Range to repeat from the listing below: the line containing "上部构造采用梁高为2m(以箱" down to the line containing "开源与闭源之争,模型, DeepSeek 即使是奥特曼一出手,也要亲自承认, OpenAI", both included. Copy it exactly, pictures excluded, and add nothing else.

-------- Exercise data

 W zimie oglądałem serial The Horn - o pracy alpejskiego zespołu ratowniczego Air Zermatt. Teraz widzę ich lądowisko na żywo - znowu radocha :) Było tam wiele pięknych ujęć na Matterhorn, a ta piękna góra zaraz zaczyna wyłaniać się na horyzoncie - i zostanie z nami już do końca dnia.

----------------
-------- Exercise data

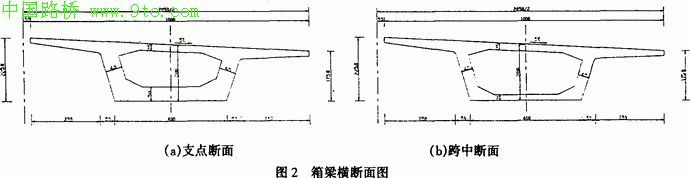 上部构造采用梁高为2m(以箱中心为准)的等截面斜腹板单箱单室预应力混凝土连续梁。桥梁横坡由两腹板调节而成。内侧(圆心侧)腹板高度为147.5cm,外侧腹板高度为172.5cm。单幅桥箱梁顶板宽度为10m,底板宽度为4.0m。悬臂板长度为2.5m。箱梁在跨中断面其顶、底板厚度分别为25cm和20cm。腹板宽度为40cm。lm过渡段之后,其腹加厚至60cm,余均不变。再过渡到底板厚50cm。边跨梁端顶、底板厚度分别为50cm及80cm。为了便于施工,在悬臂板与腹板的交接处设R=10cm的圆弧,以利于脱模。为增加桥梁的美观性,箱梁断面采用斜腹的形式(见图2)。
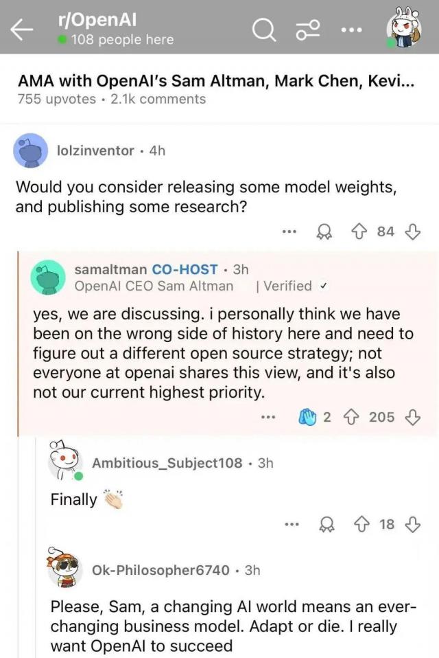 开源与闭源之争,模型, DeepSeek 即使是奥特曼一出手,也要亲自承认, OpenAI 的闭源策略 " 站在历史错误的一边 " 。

----------------

Output below
 上部构造采用梁高为2m(以箱中心为准)的等截面斜腹板单箱单室预应力混凝土连续梁。桥梁横坡由两腹板调节而成。内侧(圆心侧)腹板高度为147.5cm,外侧腹板高度为172.5cm。单幅桥箱梁顶板宽度为10m,底板宽度为4.0m。悬臂板长度为2.5m。箱梁在跨中断面其顶、底板厚度分别为25cm和20cm。腹板宽度为40cm。lm过渡段之后,其腹加厚至60cm,余均不变。再过渡到底板厚50cm。边跨梁端顶、底板厚度分别为50cm及80cm。为了便于施工,在悬臂板与腹板的交接处设R=10cm的圆弧,以利于脱模。为增加桥梁的美观性,箱梁断面采用斜腹的形式(见图2)。
 开源与闭源之争,模型, DeepSeek 即使是奥特曼一出手,也要亲自承认, OpenAI 的闭源策略 " 站在历史错误的一边 " 。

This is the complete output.